Extracted records
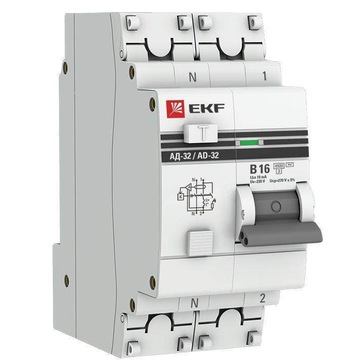 Выключатель автоматический дифференциального тока 2п (1P+N) B 16А 10мА тип AC 4.5кА АД-32 защита 270В электрон. PROxima EKF DA32-16-B-10-pro
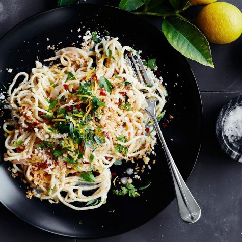 Add the pasta to the boiling water and cook until al dente, 2 to 3 minutes. Drain, reserving 1/2 cup (4 fl. oz./125 ml) of the pasta cooking water. Add the pasta to the sauce and toss, adding the reserved pasta cooking water as needed to achieve a silky consistency. Add the bread crumbs, parsley, red pepper flakes and salt to taste. Toss to combine and serve immediately. Serves 4.
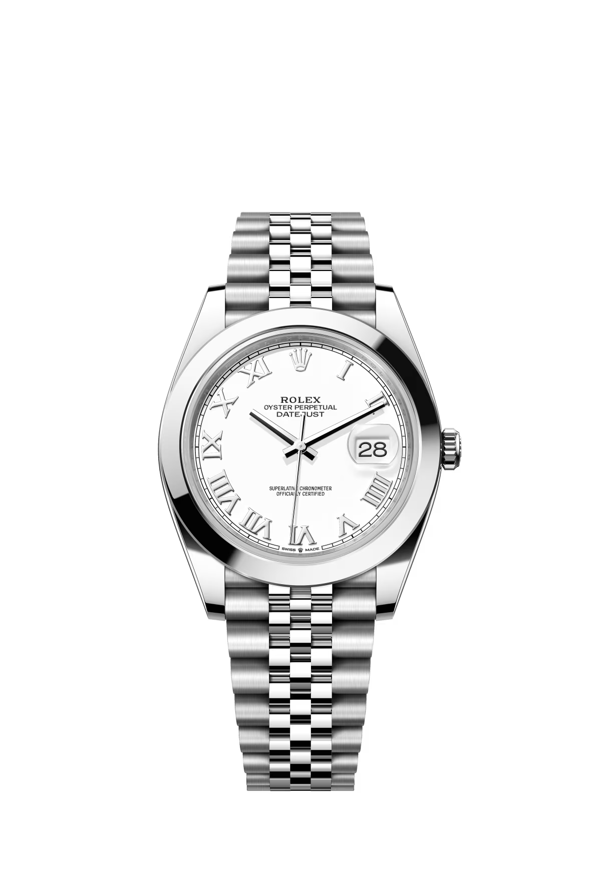 The Oyster Perpetual Datejust 41 is available in Oyster steel with a white dial and a Jubilee bracelet. -m126300-0016
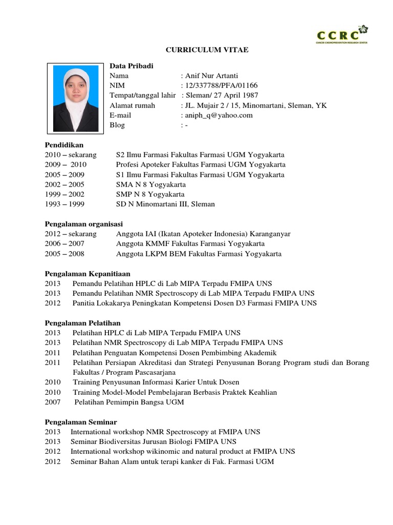 Contoh Cv Farmasi - Cbr1m
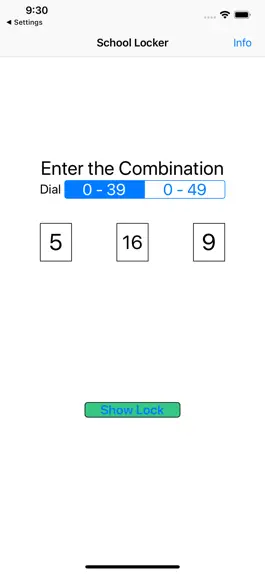 If there are lockers with locks at your school, you'll probably want to get used to opening yours quickly. This App gives you a chance to practice. This uses a right, left, right opening sequence and forces the correct direction for each combination number.
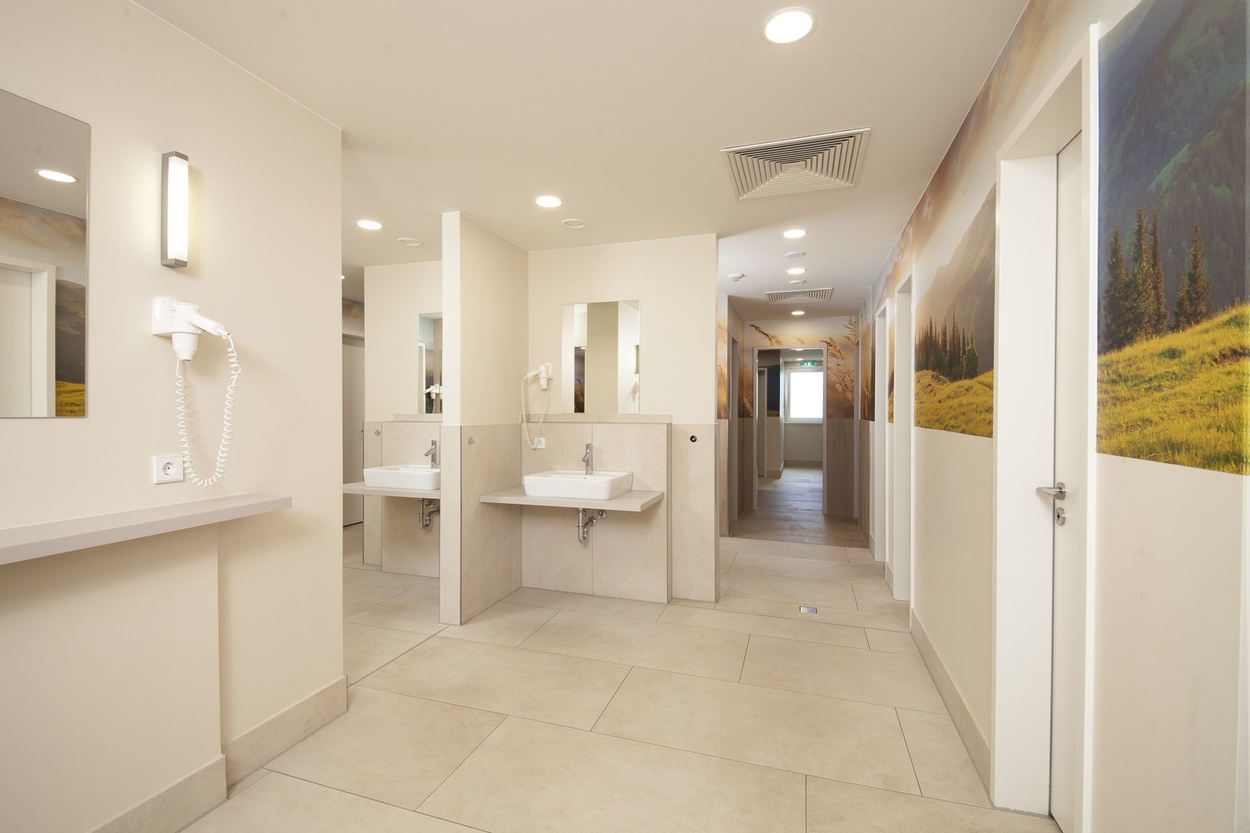 Ausstattung:3 Sanitärgebäude mit 70 WC, 71 Waschbecken, 30 Warmduschen, 6 Fußwaschbecken, Spezial-Behinderten-Räume, Küchen- und Waschhäuser mit Geschirrspülbecken, Waschautomaten, Schleudern und Trocknern, Bügeltischen, Platzbeleuchtung.
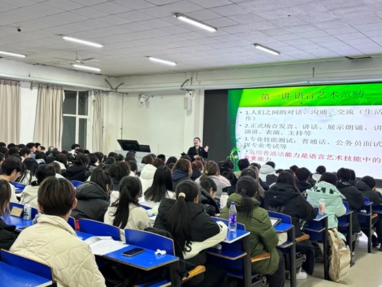为进一步提升新生们的沟通与表达能力,为未来的学习和职业生涯打下坚实的基础,11月12日晚,学院在主楼副楼128教室举办“沟通与表达”专题讲座,特邀大庆市朗诵家艺术研究会副主席房岚老师来院授课,200余名新生参加培训。
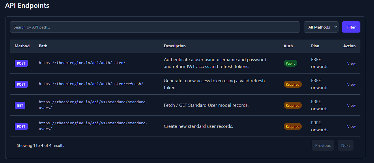 The APIEngine Free plan is designed for developers who want to evaluate APIs in a real-world environment without setup overhead or infrastructure management. You get instant access to production-grade APIs with realistic data models, predictable behavior, and clearly defined limits.
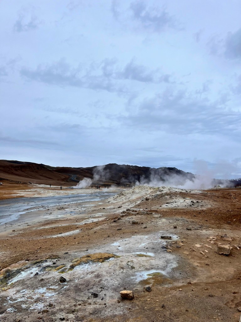 Η γη στην Ισλανδία βράζει κάτω από τα πόδια σου και οι γεωθερμικές περιοχές είναι η πιο ξεκάθαρη απόδειξη. Στην κοιλάδα Haukadalur βρίσκεται ο Strokkur, ο πιο διάσημος θερμοπίδακας που εκτοξεύει νερό στα 20–30 μέτρα κάθε λίγα λεπτά. Στο Hverir, στη βόρεια Ισλανδία, θα δεις λίμνες λάσπης να κοχλάζουν και ατμός να βγαίνει από τα ανοίγματα στη γη. Αυτά ονομάζονται φουμαρόλες και μπορεί να φτάσουν θερμοκρασίες πάνω από 300°C. Όταν η θερμοκρασία είναι λίγο χαμηλότερη, σχηματίζονται οι σολφατάρες, απελευθερώνοντας τη χαρακτηριστική μυρωδιά του υδρόθειου που θυμίζει σάπιο αυγό. Το γύρω τοπίο βάφεται κόκκινο, πορτοκαλί και κίτρινο από το θείο, χωρίς ίχνος βλάστησης και πραγματικά νιώθεις σαν να περπατάς σε άλλον πλανήτη.

Task requirements => Only the lines starting at the one that includes "Add the pasta to the boiling" and ending at the one that includes "The APIEngine Free" should be retyped, exactly, from the records above; no pictures.

Reply =>
 Add the pasta to the boiling water and cook until al dente, 2 to 3 minutes. Drain, reserving 1/2 cup (4 fl. oz./125 ml) of the pasta cooking water. Add the pasta to the sauce and toss, adding the reserved pasta cooking water as needed to achieve a silky consistency. Add the bread crumbs, parsley, red pepper flakes and salt to taste. Toss to combine and serve immediately. Serves 4.
 The Oyster Perpetual Datejust 41 is available in Oyster steel with a white dial and a Jubilee bracelet. -m126300-0016
 Contoh Cv Farmasi - Cbr1m
 If there are lockers with locks at your school, you'll probably want to get used to opening yours quickly. This App gives you a chance to practice. This uses a right, left, right opening sequence and forces the correct direction for each combination number.
 Ausstattung:3 Sanitärgebäude mit 70 WC, 71 Waschbecken, 30 Warmduschen, 6 Fußwaschbecken, Spezial-Behinderten-Räume, Küchen- und Waschhäuser mit Geschirrspülbecken, Waschautomaten, Schleudern und Trocknern, Bügeltischen, Platzbeleuchtung.
为进一步提升新生们的沟通与表达能力,为未来的学习和职业生涯打下坚实的基础,11月12日晚,学院在主楼副楼128教室举办“沟通与表达”专题讲座,特邀大庆市朗诵家艺术研究会副主席房岚老师来院授课,200余名新生参加培训。
 The APIEngine Free plan is designed for developers who want to evaluate APIs in a real-world environment without setup overhead or infrastructure management. You get instant access to production-grade APIs with realistic data models, predictable behavior, and clearly defined limits.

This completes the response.